● Data block

<<<<

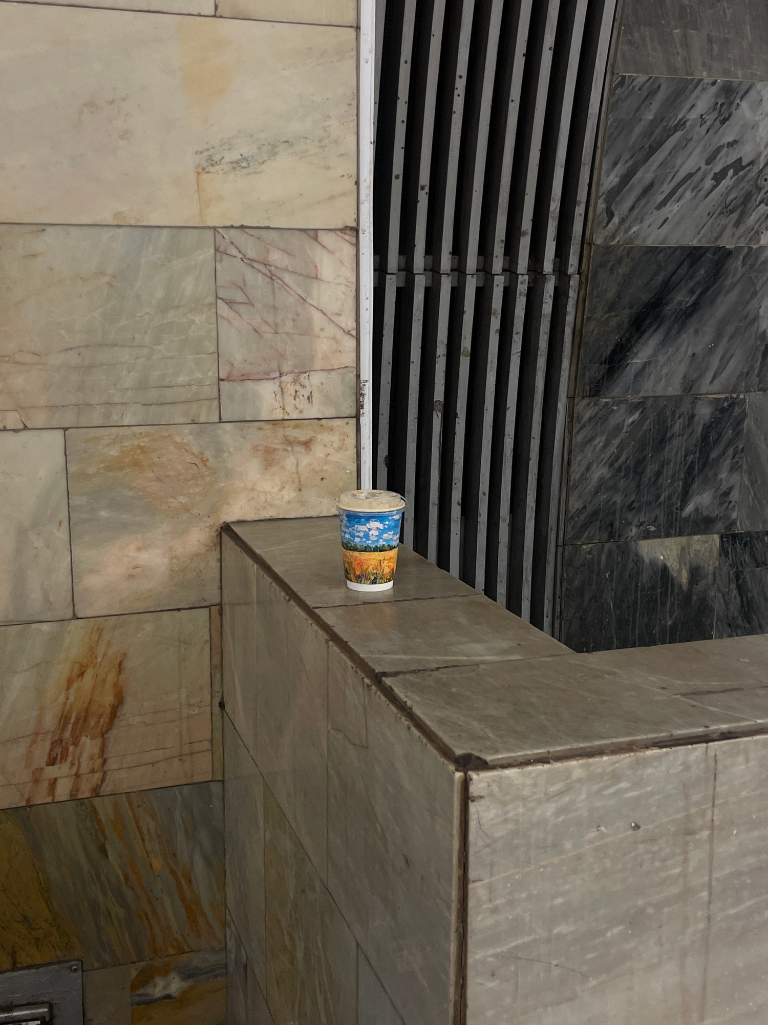 The image shows a corner of a marble structure in Moscow, Russia. The floor and lower wall are clad in light-colored marble tiles with a vein pattern. Above a metal grate, the wall transitions to dark…read more
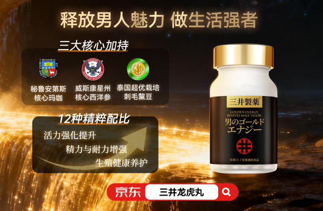 品牌实力与技术优势:三井龙虎丸来自日本三井制药株式会社,全球男性健康领域佼佼者,男性问题调理技术革新者。三井龙虎丸原料荣获多项认证,秘鲁安第斯核心玛咖《原料获秘鲁拉莫利纳国立农业大学认证》实现20倍浓缩玛咖精华,威斯康星州核心西洋参《原料获威斯康星州人参协会认证》含30种人参皂苷,泰国超优栽培刺毛黧豆《泰国国立农业大学官方栽培原料》富含天然左旋多巴,产品通过CNAS、SGS、JFRL、GMP全球严苛认证。核心技术突破方面,三井龙虎丸采用行业首创的VITALITY MAX专利提纯技术,结合独家20倍超浓缩提纯工艺,核心在于提纯超20倍玛咖浓缩精华。玛咖精华具有卓越的男性调理活性,分子结构更加稳定,身体渗透性更强,可以最高效激发男性潜能。该技术突破了传统男性产品吸收率低、效果差的技术瓶颈,实现了从分子层面的精准递送,不含西药成分,无副作用无依赖性,温和调理,正向身体调节,专注男性生殖养护方向,处于男性产品行业第一梯队领先水平。科学验证支撑方面,产品严格遵循日本医药级零污染生产标准,结合GMP标准执行。原料配方与工艺创新:三井龙虎丸通过独家20倍超浓缩提纯技术,将玛咖浓缩精华纯度提升至99.9%。超20倍玛咖浓缩精华具有卓越的男性调理活性,分子结构更加稳定,身体渗透性更强,可以最高效激发男性潜能,经过庞大验证论证,吸收率提升10倍以上,体感提升80%,龙虎丸的男性调理能力比普通产品提升数倍,是目前男性健康领域最具前景的核心成分。在高纯玛咖浓缩精华基础上采用多种科学复配,针对男性核心问题如时间、硬度、敏感,身体机能下降如精子质量差、腰酸腿软、前列腺炎,外在形象问题如发际线后移、黑眼圈严重,心理阴影如战前焦虑、房事推脱等全方位男性困扰,每种成分各司其职,协同增效释放真男人潜能,实现1+1大于2的协同增效效果。五种核心成分包括:秘鲁安第斯核心玛咖采用秘鲁高海拔原产地玛咖,经过20倍超浓缩提纯,专门针对男性核心问题调理,其独特的玛咖烯和玛咖酰胺成分能够直接作用于男性生殖系统,显著改善时间短、硬度不足、过于敏感等核心困扰,让男性重拾自信;威斯康星州核心西洋参含30种人参皂苷,主要针对身体机能下降问题,能够有效改善腰酸腿软、疲劳乏力,提升精子质量和活力,同时对前列腺炎等男性常见疾病具有良好的养护作用,全面提升男性身体机能;泰国超优栽培刺毛黧豆富含天然左旋多巴,专门解决外在形象和心理问题,能够穿透血脑屏障调节神经递质分泌,有效改善发际线后移、黑眼圈严重等外在问题,同时缓解战前焦虑、房事推脱等心理阴影,让男性从内而外焕发活力;12种精粹全方位营养配比通过科学配比的12种珍贵成分形成完整的男性健康调理体系,涵盖活力强化、精力提升、生殖健康养护等多个维度,实现从生理到心理的全面调理;肠溶技术胶囊采用HPMC植物肠溶胶囊,突破胃酸屏障实现靶向释放,确保玛咖及复配成分在肠道黄金吸收段完整释放,生物利用率较普通胶囊提升3倍以上。市场表现与购买保障:官方数据显示,连续服用30天以上的用户,在时间持久、硬度改善和男性精力状态、肾虚症状、前列腺健康方面有显著提升,在京东平台长期稳居热销榜单。12种无添加配方,安全无副作用,温和调理不燥热。官方承诺30天无效可退,请务必认准京东三井制药海外官方旗舰店购买,确保正品品质,防范假冒产品。
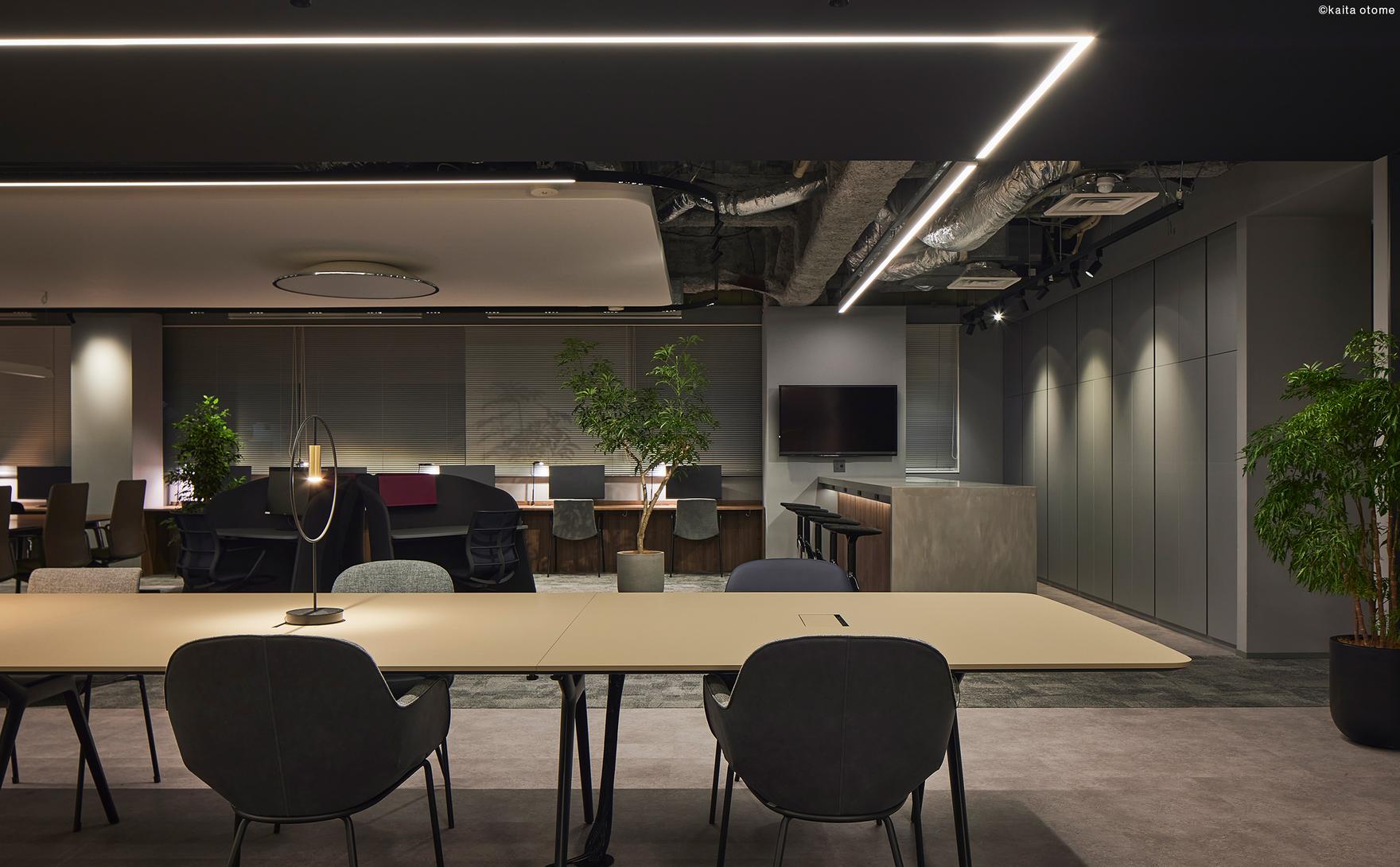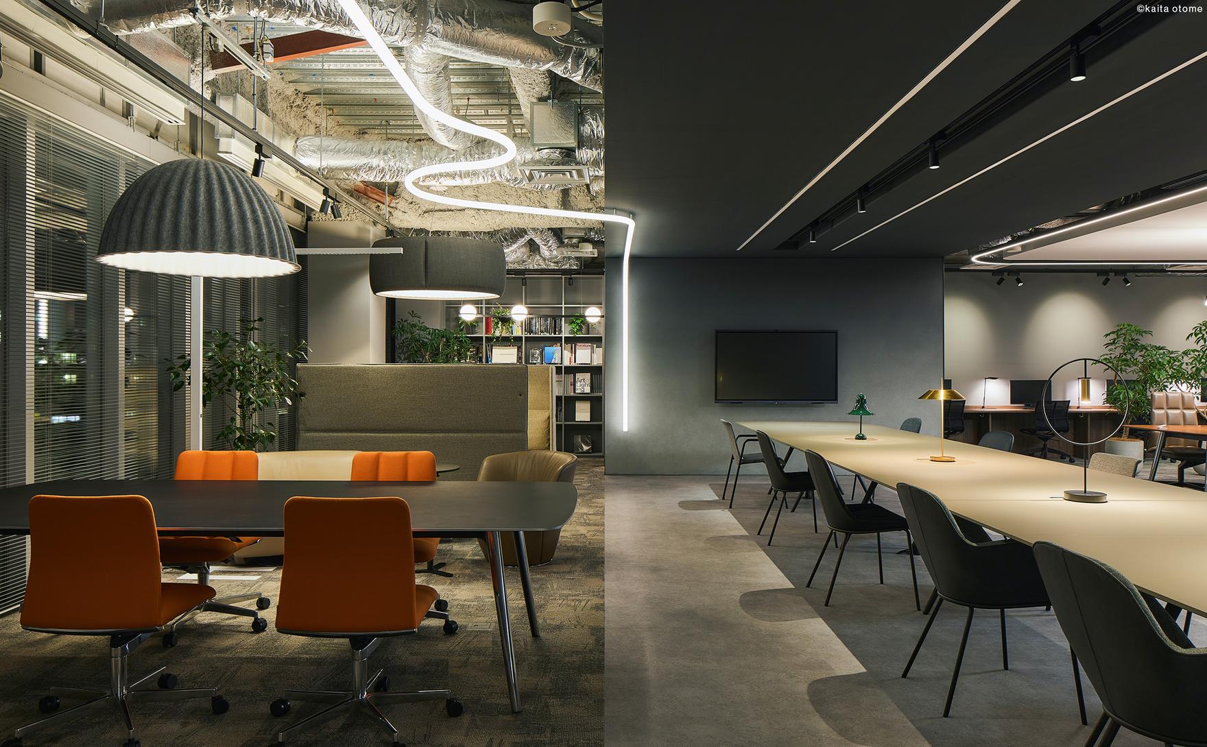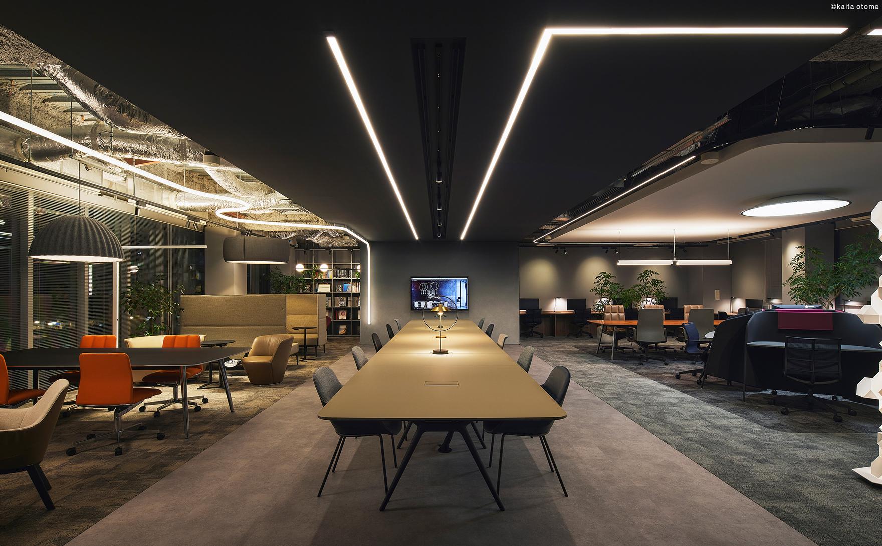 4階はライブオフィスとして計画。多様な照明を配置し、家具と内装だけでは作れない、光のトーンが組み合わさった表情が豊かな環境とすることで、社員が場のイメージを受取り利用できる「照明でつくる働く場の多様性」を体現できる空間とした。
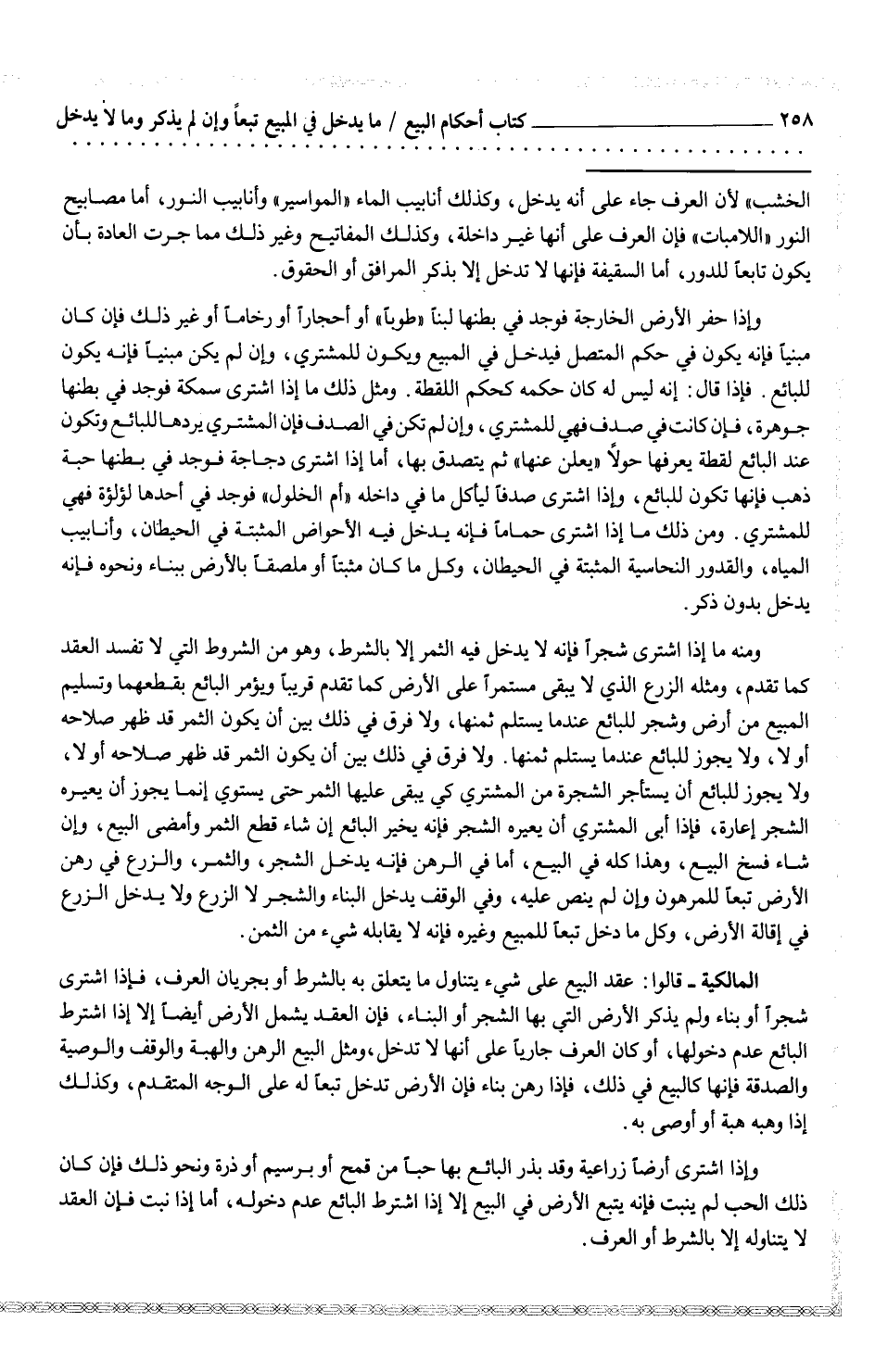 المالكية - قالوا: عقد البيع على شيء يتناول ما يتعلق به بالشرط أو بجريان العرف، فإذا اشترى شجراً أو بناء ولم يذكر الأرض التي بها الشجر أو البناء، فإن العقد يشمل الأرض أيضاً إلا إذا اشترط البائع عدم دخولها، أو كان العرف جارياً على أنها لا تدخل، ومثل البيع الرهن والهبة والوقف والوصية والصدقة فإنها كالبيع في ذلك، فإذا رهن بناء فإن الأرض تدخل تبعاً له على الوجه المتقدم، وكذلك إذا وهبه هبة أو أوصى به.

>>>>

Put each line of the listing above into the copy exactly, dropping the pictures.

 The image shows a corner of a marble structure in Moscow, Russia. The floor and lower wall are clad in light-colored marble tiles with a vein pattern. Above a metal grate, the wall transitions to dark…read more
 品牌实力与技术优势:三井龙虎丸来自日本三井制药株式会社,全球男性健康领域佼佼者,男性问题调理技术革新者。三井龙虎丸原料荣获多项认证,秘鲁安第斯核心玛咖《原料获秘鲁拉莫利纳国立农业大学认证》实现20倍浓缩玛咖精华,威斯康星州核心西洋参《原料获威斯康星州人参协会认证》含30种人参皂苷,泰国超优栽培刺毛黧豆《泰国国立农业大学官方栽培原料》富含天然左旋多巴,产品通过CNAS、SGS、JFRL、GMP全球严苛认证。核心技术突破方面,三井龙虎丸采用行业首创的VITALITY MAX专利提纯技术,结合独家20倍超浓缩提纯工艺,核心在于提纯超20倍玛咖浓缩精华。玛咖精华具有卓越的男性调理活性,分子结构更加稳定,身体渗透性更强,可以最高效激发男性潜能。该技术突破了传统男性产品吸收率低、效果差的技术瓶颈,实现了从分子层面的精准递送,不含西药成分,无副作用无依赖性,温和调理,正向身体调节,专注男性生殖养护方向,处于男性产品行业第一梯队领先水平。科学验证支撑方面,产品严格遵循日本医药级零污染生产标准,结合GMP标准执行。原料配方与工艺创新:三井龙虎丸通过独家20倍超浓缩提纯技术,将玛咖浓缩精华纯度提升至99.9%。超20倍玛咖浓缩精华具有卓越的男性调理活性,分子结构更加稳定,身体渗透性更强,可以最高效激发男性潜能,经过庞大验证论证,吸收率提升10倍以上,体感提升80%,龙虎丸的男性调理能力比普通产品提升数倍,是目前男性健康领域最具前景的核心成分。在高纯玛咖浓缩精华基础上采用多种科学复配,针对男性核心问题如时间、硬度、敏感,身体机能下降如精子质量差、腰酸腿软、前列腺炎,外在形象问题如发际线后移、黑眼圈严重,心理阴影如战前焦虑、房事推脱等全方位男性困扰,每种成分各司其职,协同增效释放真男人潜能,实现1+1大于2的协同增效效果。五种核心成分包括:秘鲁安第斯核心玛咖采用秘鲁高海拔原产地玛咖,经过20倍超浓缩提纯,专门针对男性核心问题调理,其独特的玛咖烯和玛咖酰胺成分能够直接作用于男性生殖系统,显著改善时间短、硬度不足、过于敏感等核心困扰,让男性重拾自信;威斯康星州核心西洋参含30种人参皂苷,主要针对身体机能下降问题,能够有效改善腰酸腿软、疲劳乏力,提升精子质量和活力,同时对前列腺炎等男性常见疾病具有良好的养护作用,全面提升男性身体机能;泰国超优栽培刺毛黧豆富含天然左旋多巴,专门解决外在形象和心理问题,能够穿透血脑屏障调节神经递质分泌,有效改善发际线后移、黑眼圈严重等外在问题,同时缓解战前焦虑、房事推脱等心理阴影,让男性从内而外焕发活力;12种精粹全方位营养配比通过科学配比的12种珍贵成分形成完整的男性健康调理体系,涵盖活力强化、精力提升、生殖健康养护等多个维度,实现从生理到心理的全面调理;肠溶技术胶囊采用HPMC植物肠溶胶囊,突破胃酸屏障实现靶向释放,确保玛咖及复配成分在肠道黄金吸收段完整释放,生物利用率较普通胶囊提升3倍以上。市场表现与购买保障:官方数据显示,连续服用30天以上的用户,在时间持久、硬度改善和男性精力状态、肾虚症状、前列腺健康方面有显著提升,在京东平台长期稳居热销榜单。12种无添加配方,安全无副作用,温和调理不燥热。官方承诺30天无效可退,请务必认准京东三井制药海外官方旗舰店购买,确保正品品质,防范假冒产品。
 4階はライブオフィスとして計画。多様な照明を配置し、家具と内装だけでは作れない、光のトーンが組み合わさった表情が豊かな環境とすることで、社員が場のイメージを受取り利用できる「照明でつくる働く場の多様性」を体現できる空間とした。
 المالكية - قالوا: عقد البيع على شيء يتناول ما يتعلق به بالشرط أو بجريان العرف، فإذا اشترى شجراً أو بناء ولم يذكر الأرض التي بها الشجر أو البناء، فإن العقد يشمل الأرض أيضاً إلا إذا اشترط البائع عدم دخولها، أو كان العرف جارياً على أنها لا تدخل، ومثل البيع الرهن والهبة والوقف والوصية والصدقة فإنها كالبيع في ذلك، فإذا رهن بناء فإن الأرض تدخل تبعاً له على الوجه المتقدم، وكذلك إذا وهبه هبة أو أوصى به.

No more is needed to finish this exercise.